Only in Illinois. There is a delusional, surreal quality to politics in this state. Anybody who pays even a little attention knows that the party in power, the Democrats, are corrupt to the core, despite the fact that the better part of electorate routinely shrugs it off. If there’s nothing you can do about the power structure, isn’t it better that you should try to get your share of the spoils than try to fight the machine? Consider Blago, for example. I started writing about corruption and insider deals in the Blagojevich administration back in 2003, as a columnist for a small, suburban newspaper chain in the Chicago area. And who was I? I was nobody. I didn’t have any Deep Throats reporting to me. But, the depredations of the Blagojevich administration, and all of its supporters in the legislature, were an open secret. Politicians on both sides of the aisle talked about it in private all of the time, and they even laughed about it. It defies comprehension that Barack Obama, who served in the Illinois State Senate until 2004, didn’t know what was going on. If he truly didn’t, then he’s not intellectually qualified to hold any public office. Obama chose then, as he chooses now, to accept Chicago-style politics as the proper form of governance. It is why he will be campaigning for Giannoulias later this week. That’s really saying something.
Meanwhile, Giannoulias’s opponent, Congressman Mark Kirk, isn’t the kind of candidate to inspire conservatives. While he leans to the right, particularly on economic issues, Kirk is more of a centrist. Nonetheless, conservatives will support Kirk, if only because his opponent is so offensive to them. Yet Kirk is not without deficits himself. A veteran, Kirk claimed a unit citation as a personal award and the Democrats called him on it. At face value, this would seem to be a trivial matter of semantics, but the issue has gained traction. Distrusting all politicians, with good reason, voters are reluctant to get excited about anyone who offers anything less than a clean and clear break from Illinois’ disreputable past.

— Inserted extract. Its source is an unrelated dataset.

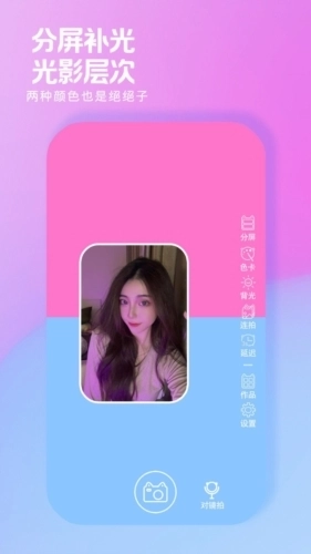 4.全屏分屏自由打光:-应用支持全屏和分屏两种打光模式,通过分屏混合色彩提升拍照的光影层次感,使照片更加生动。
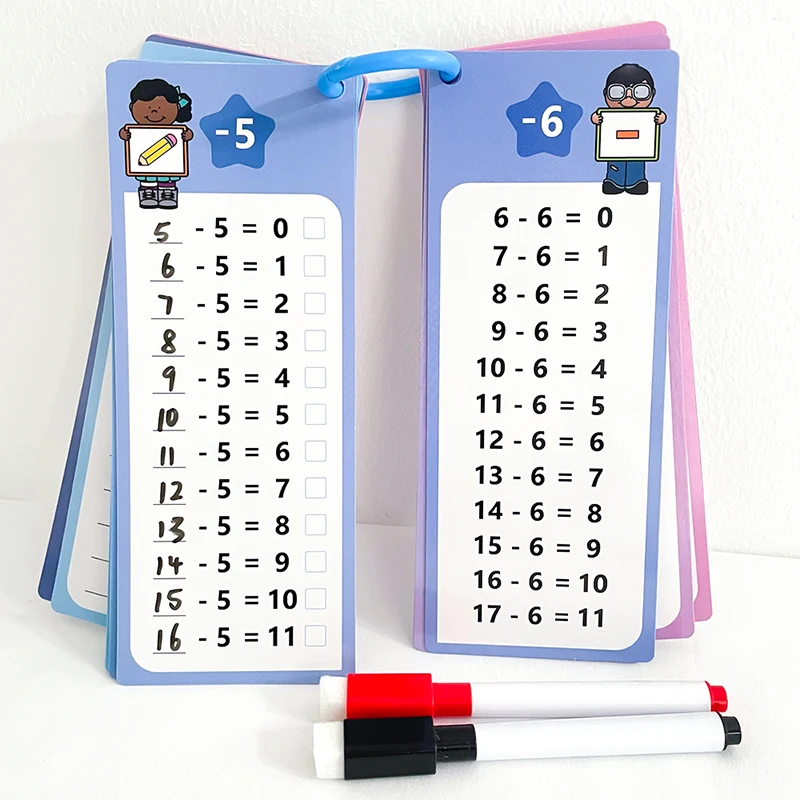 Schede per addestramento matematico 15 pezzi con penna Addizione Sottrazione Moltiplicazione Divisione Apprendimento scolastico Strumenti didattici per la matematica TMZ

This race will be incredibly close until the end. Had Democrats in Illinois chosen their U.S. Senate candidate more wisely and less arrogantly, it wouldn’t be. Had Mark Kirk been more careful about describing his military service, it wouldn’t be. Yet, here we are. Six days to go and Barack Obama’s old seat hangs in the balance. Democrats know that if they lose it, they just might lose everything – including the psychological grip that the party seems to hold over an inured electorate. Not only will the cost of losing this asset be felt in the halls of power in Illinois, but it may very well ripple outward to other bastions of Chicagoland politics on the national stage. The administration is right to be worried.